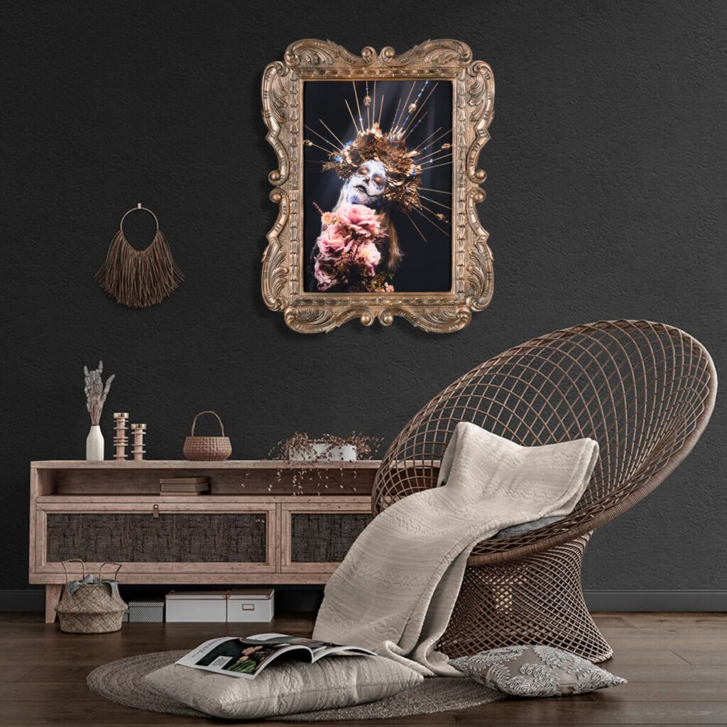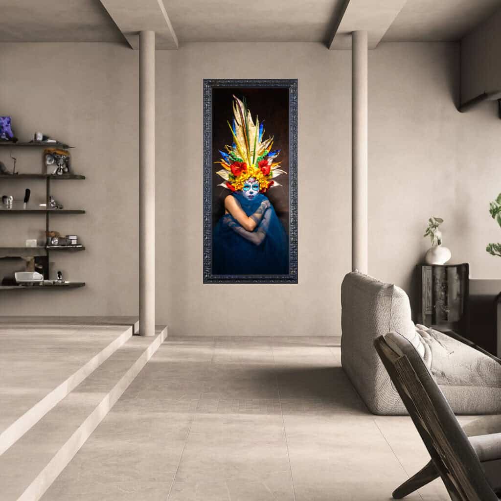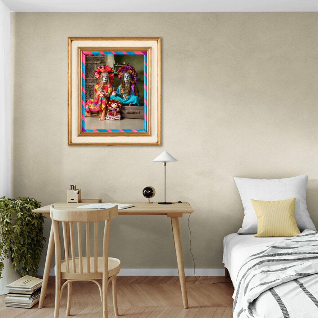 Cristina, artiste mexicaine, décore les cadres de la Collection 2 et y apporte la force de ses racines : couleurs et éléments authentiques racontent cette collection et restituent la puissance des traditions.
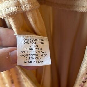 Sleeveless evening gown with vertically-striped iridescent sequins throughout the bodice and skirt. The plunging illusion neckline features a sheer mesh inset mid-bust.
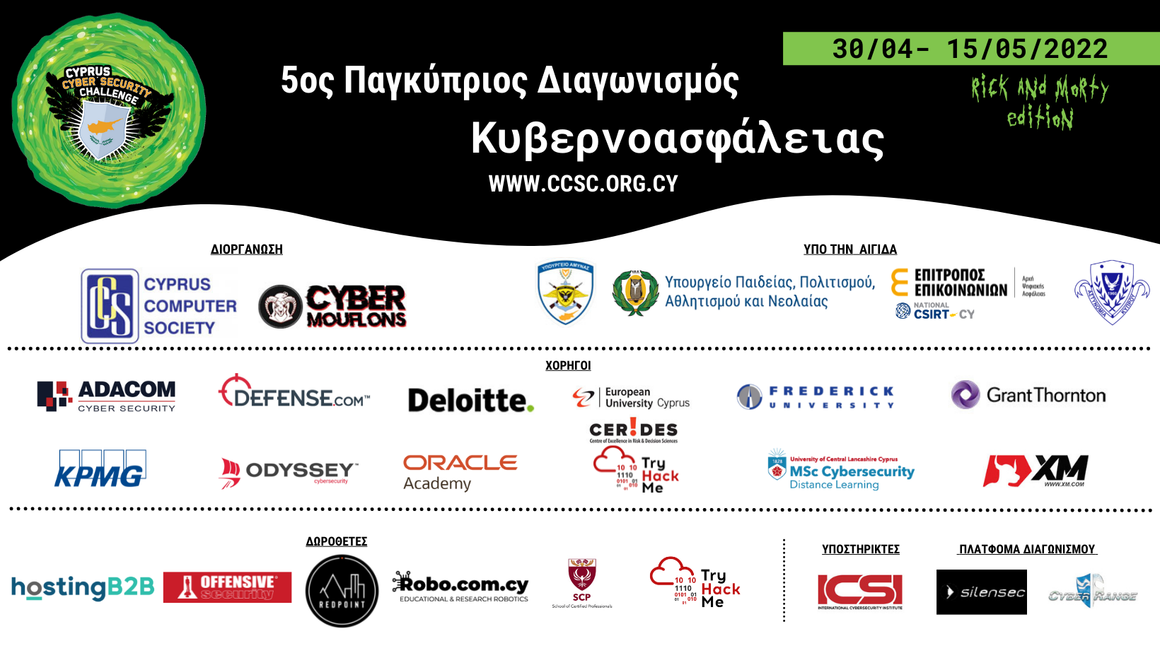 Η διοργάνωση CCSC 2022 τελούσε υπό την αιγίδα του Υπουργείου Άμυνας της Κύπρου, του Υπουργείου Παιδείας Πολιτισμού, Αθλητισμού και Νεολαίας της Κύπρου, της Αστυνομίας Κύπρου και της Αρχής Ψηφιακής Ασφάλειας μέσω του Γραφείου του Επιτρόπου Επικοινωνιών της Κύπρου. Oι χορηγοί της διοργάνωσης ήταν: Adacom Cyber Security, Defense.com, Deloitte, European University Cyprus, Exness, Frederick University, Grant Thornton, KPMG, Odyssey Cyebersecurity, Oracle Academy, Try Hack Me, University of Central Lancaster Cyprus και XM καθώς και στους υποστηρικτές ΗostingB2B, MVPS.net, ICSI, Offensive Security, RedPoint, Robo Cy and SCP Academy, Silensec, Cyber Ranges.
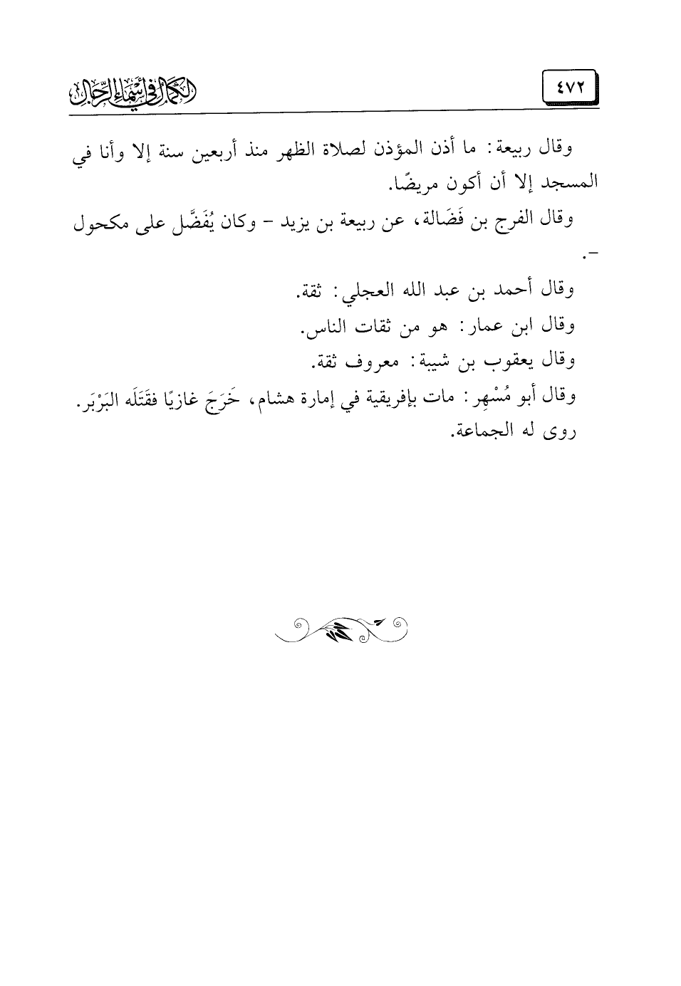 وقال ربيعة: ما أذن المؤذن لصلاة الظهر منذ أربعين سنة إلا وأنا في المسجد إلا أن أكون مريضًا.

▸ **TO DO**: The whole listing above, word for word: repeat it with the pictures excluded.

▸ **RESPONSE TO THE EXERCISE**:
 Cristina, artiste mexicaine, décore les cadres de la Collection 2 et y apporte la force de ses racines : couleurs et éléments authentiques racontent cette collection et restituent la puissance des traditions.
 Sleeveless evening gown with vertically-striped iridescent sequins throughout the bodice and skirt. The plunging illusion neckline features a sheer mesh inset mid-bust.
 Η διοργάνωση CCSC 2022 τελούσε υπό την αιγίδα του Υπουργείου Άμυνας της Κύπρου, του Υπουργείου Παιδείας Πολιτισμού, Αθλητισμού και Νεολαίας της Κύπρου, της Αστυνομίας Κύπρου και της Αρχής Ψηφιακής Ασφάλειας μέσω του Γραφείου του Επιτρόπου Επικοινωνιών της Κύπρου. Oι χορηγοί της διοργάνωσης ήταν: Adacom Cyber Security, Defense.com, Deloitte, European University Cyprus, Exness, Frederick University, Grant Thornton, KPMG, Odyssey Cyebersecurity, Oracle Academy, Try Hack Me, University of Central Lancaster Cyprus και XM καθώς και στους υποστηρικτές ΗostingB2B, MVPS.net, ICSI, Offensive Security, RedPoint, Robo Cy and SCP Academy, Silensec, Cyber Ranges.
 وقال ربيعة: ما أذن المؤذن لصلاة الظهر منذ أربعين سنة إلا وأنا في المسجد إلا أن أكون مريضًا.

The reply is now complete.